## AIM OF THE EXERCISE
Please repeat exactly the lines below from the line with "Byl i živěj projev" to the line with "1a Biennial d'Art", including both, and leave out every picture.

## MATERIAL FOR THIS TASK
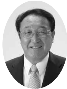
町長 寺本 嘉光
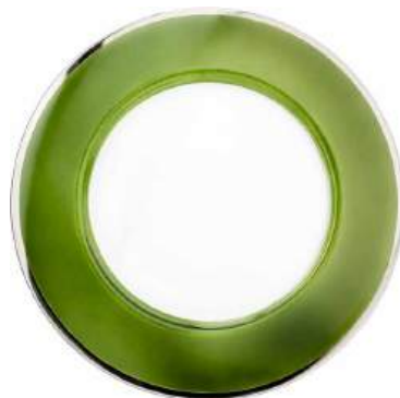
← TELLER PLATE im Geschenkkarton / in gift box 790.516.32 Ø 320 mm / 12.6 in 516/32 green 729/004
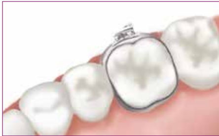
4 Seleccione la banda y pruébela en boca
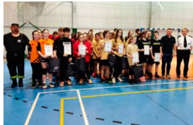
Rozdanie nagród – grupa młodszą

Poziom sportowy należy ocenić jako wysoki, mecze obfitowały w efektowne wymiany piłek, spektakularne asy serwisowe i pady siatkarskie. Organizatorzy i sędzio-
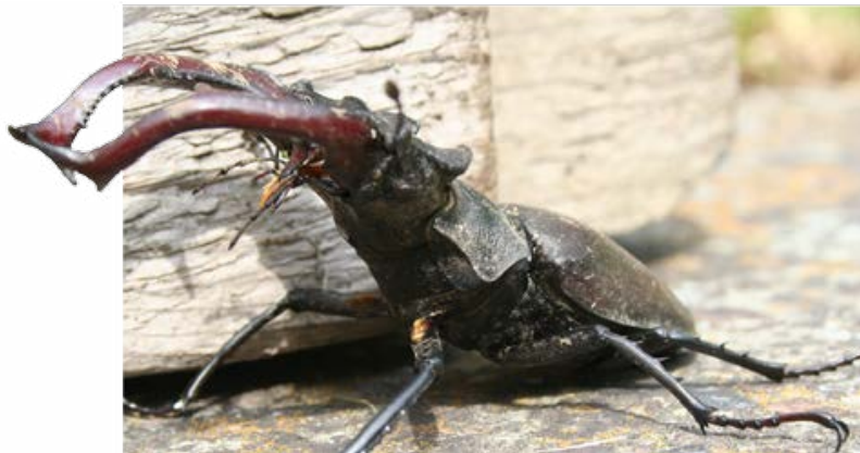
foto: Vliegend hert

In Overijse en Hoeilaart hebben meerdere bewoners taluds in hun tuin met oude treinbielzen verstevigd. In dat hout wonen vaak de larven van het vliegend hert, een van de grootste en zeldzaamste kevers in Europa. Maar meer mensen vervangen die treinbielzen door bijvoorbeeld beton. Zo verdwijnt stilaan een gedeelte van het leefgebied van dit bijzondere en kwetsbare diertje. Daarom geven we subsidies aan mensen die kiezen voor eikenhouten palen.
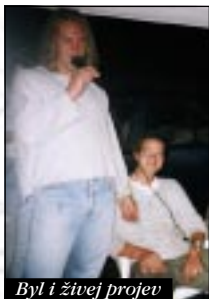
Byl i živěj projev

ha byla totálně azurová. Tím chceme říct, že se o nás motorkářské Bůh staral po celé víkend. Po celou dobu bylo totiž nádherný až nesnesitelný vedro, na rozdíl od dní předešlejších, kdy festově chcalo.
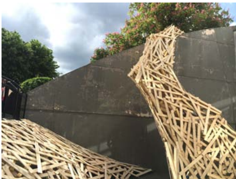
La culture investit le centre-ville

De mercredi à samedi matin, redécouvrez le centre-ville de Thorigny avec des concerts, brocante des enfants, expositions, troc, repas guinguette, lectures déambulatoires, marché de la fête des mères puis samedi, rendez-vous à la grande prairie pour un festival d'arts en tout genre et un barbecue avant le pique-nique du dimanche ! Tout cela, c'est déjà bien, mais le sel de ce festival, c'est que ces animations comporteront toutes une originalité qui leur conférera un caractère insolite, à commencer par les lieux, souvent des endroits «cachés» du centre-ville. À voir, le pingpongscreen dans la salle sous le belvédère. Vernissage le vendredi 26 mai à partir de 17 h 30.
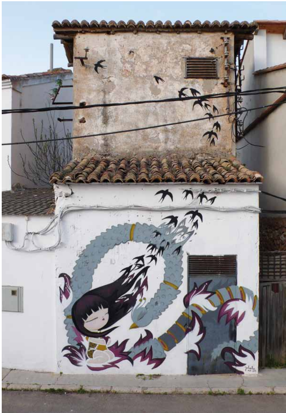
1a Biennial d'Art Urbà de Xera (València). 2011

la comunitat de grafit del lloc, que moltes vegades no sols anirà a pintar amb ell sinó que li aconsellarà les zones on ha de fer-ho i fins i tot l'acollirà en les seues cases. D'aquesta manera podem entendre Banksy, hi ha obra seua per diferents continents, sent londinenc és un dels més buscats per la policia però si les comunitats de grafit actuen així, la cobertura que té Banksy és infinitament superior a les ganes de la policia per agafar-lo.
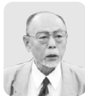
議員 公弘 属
...
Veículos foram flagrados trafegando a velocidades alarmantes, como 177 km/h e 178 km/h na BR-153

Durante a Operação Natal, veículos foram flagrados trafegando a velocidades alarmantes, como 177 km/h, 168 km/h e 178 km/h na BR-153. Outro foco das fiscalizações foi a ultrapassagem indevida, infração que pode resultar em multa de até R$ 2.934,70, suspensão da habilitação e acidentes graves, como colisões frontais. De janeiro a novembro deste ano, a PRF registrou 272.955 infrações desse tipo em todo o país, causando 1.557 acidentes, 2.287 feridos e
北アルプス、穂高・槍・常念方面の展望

## ANSWER SPACE
Byl i živěj projev

ha byla totálně azurová. Tím chceme říct, že se o nás motorkářské Bůh staral po celé víkend. Po celou dobu bylo totiž nádherný až nesnesitelný vedro, na rozdíl od dní předešlejších, kdy festově chcalo.
La culture investit le centre-ville

De mercredi à samedi matin, redécouvrez le centre-ville de Thorigny avec des concerts, brocante des enfants, expositions, troc, repas guinguette, lectures déambulatoires, marché de la fête des mères puis samedi, rendez-vous à la grande prairie pour un festival d'arts en tout genre et un barbecue avant le pique-nique du dimanche ! Tout cela, c'est déjà bien, mais le sel de ce festival, c'est que ces animations comporteront toutes une originalité qui leur conférera un caractère insolite, à commencer par les lieux, souvent des endroits «cachés» du centre-ville. À voir, le pingpongscreen dans la salle sous le belvédère. Vernissage le vendredi 26 mai à partir de 17 h 30.
1a Biennial d'Art Urbà de Xera (València). 2011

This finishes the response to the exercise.